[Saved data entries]
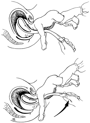 The second stage of labor should be managed under double-setup conditions. A gowned and gloved assistant, as well as anesthesia and pediatrics personnel, should be present. The patient should be instructed and encouraged to push effectively. The fetal heart rate should be continuously monitored. A nullipara should be allowed to push for up to 2 hours, a multipara up to 1 hour. If delivery is not imminent, cesarean delivery should be performed, the diagnosis being a failure of descent. After lateral flexion of the trunk, the anterior hip is forced against and underneath the symphysis. Expulsion follows, with delivery of the anterior and then the posterior buttock. During “crowning,” an episiotomy should be performed to facilitate delivery. Using a modified Bracht maneuver, a warm wet towel is placed around the fetal abdomen, and the fetus is grasped on the posterior aspect of the fetal pelvic girdle with care to avoid the fetal kidneys and adrenal. A gentile downward traction is exerted. After the buttocks are fully expulsed, the back is born by rotation anteriorly. This allows the shoulders to enter the pelvis in the transverse diameter of the pelvic inlet. If there is a failure of anterior rotation, the fetus will be born as a posterior breech, and the sequence of maneuvers used to help in delivery will differ as appropriate. As the anterior shoulder is seen at the introitus, the operator sweeps the right humerus across the infant's chest. Gentile rotation allows for the posterior shoulder and humerus to be born, completing the Løvsett maneuver (Fig. 7). With the infant delivered to the umbilicus, some authors recommend the use of uterine relaxants to facilitate the remainder of the delivery. The use of general anesthesia with halothane has been supplanted by parenteral betamimetics. We have used small aliquots of intravenous nitroglycerin for this purpose.43,44
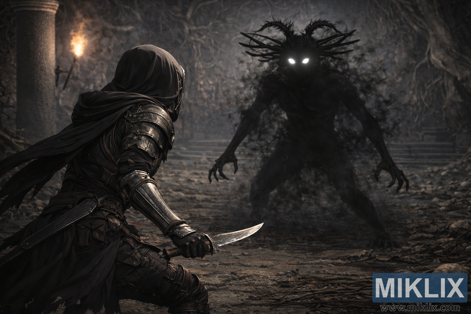 Die beeld hou verband met: Elden Ring: Cemetery Shade (Black Knife Catacombs) Boss Fight
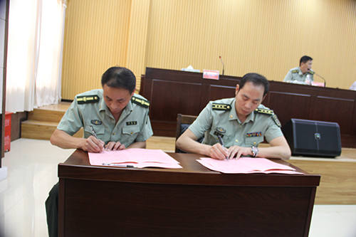 县委常委、人武部长代表县人武部与各乡镇武装部长签订责任书
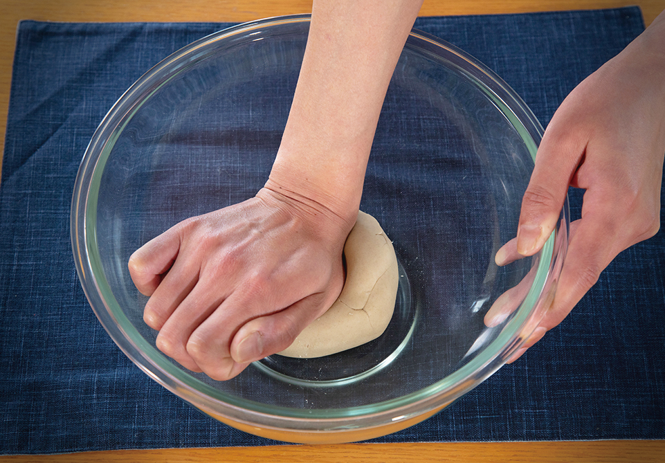 力を加えて空気を抜き、そばに粘りを出します。
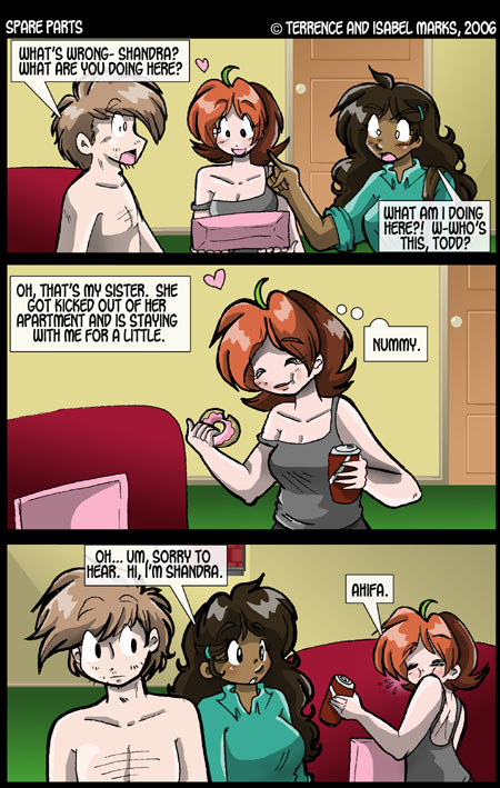 Spare Parts  is © Terrence Marks and Isabel Marks, 2003. Do not distribute any images on this site without the artist's permission or without giving credit to the comic's creators (including a link back to https://www.sparepartscomics.com/). Spare Parts has been on the web since October 2003 and updates every Monday, Wednesday  Friday at 12 AM Pacific time.
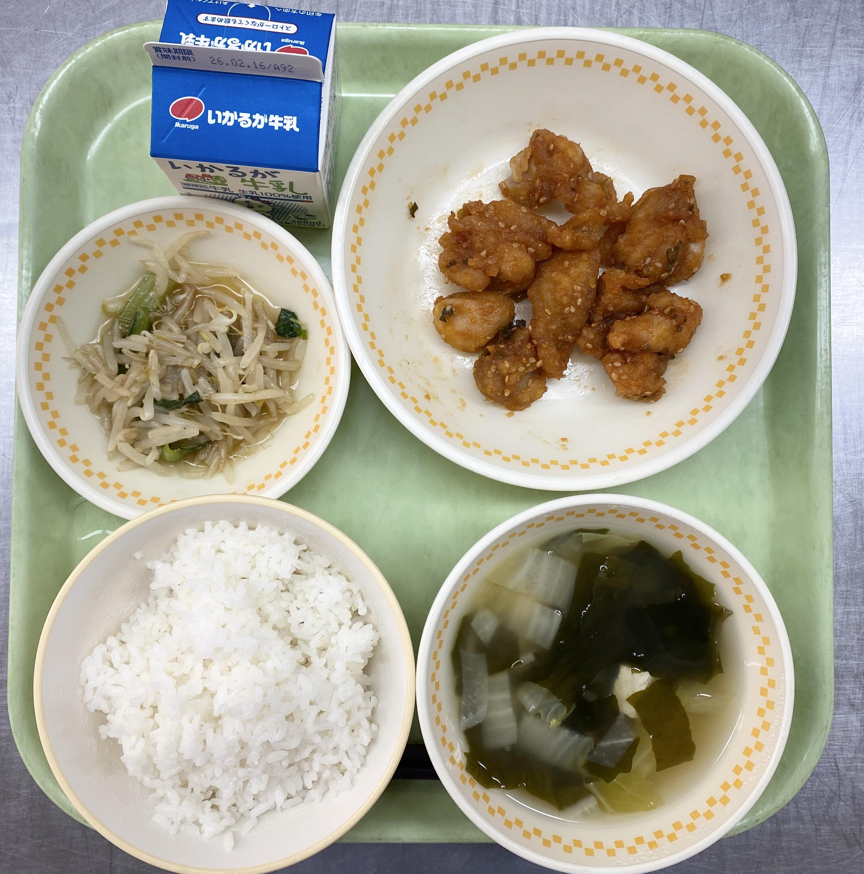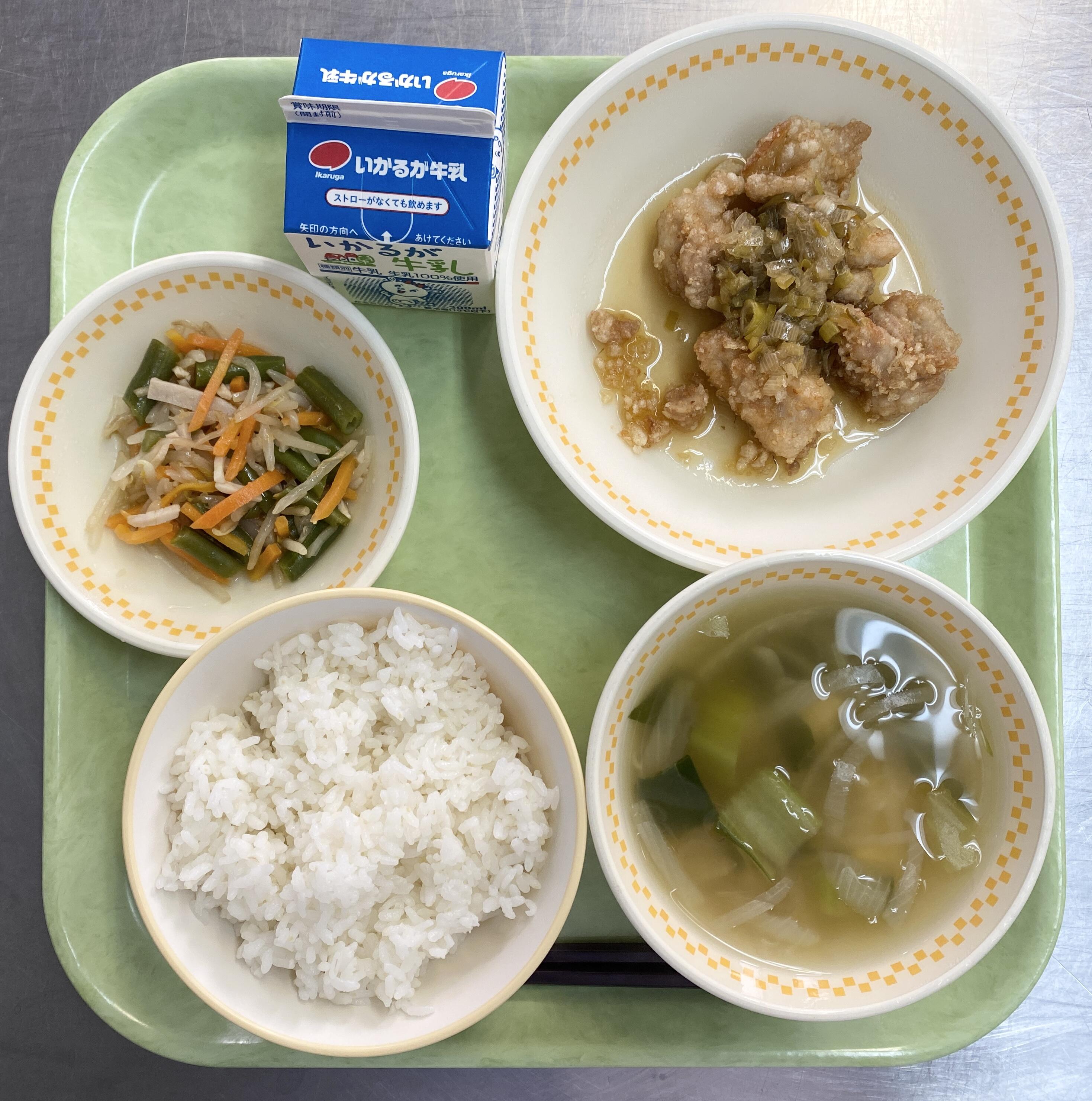 ごはん ユーリンチー もやしとさんどまめのちゅうかあえ チンゲンサイのちゅうかスープ |

TASK:
In the records above, find the line containing "力を加えて空気を抜き、そばに粘りを出します。" and restate it and every line after it word for word, all pictures excluded.

RESPONSE:
 力を加えて空気を抜き、そばに粘りを出します。
 Spare Parts  is © Terrence Marks and Isabel Marks, 2003. Do not distribute any images on this site without the artist's permission or without giving credit to the comic's creators (including a link back to https://www.sparepartscomics.com/). Spare Parts has been on the web since October 2003 and updates every Monday, Wednesday  Friday at 12 AM Pacific time.
 ごはん ユーリンチー もやしとさんどまめのちゅうかあえ チンゲンサイのちゅうかスープ |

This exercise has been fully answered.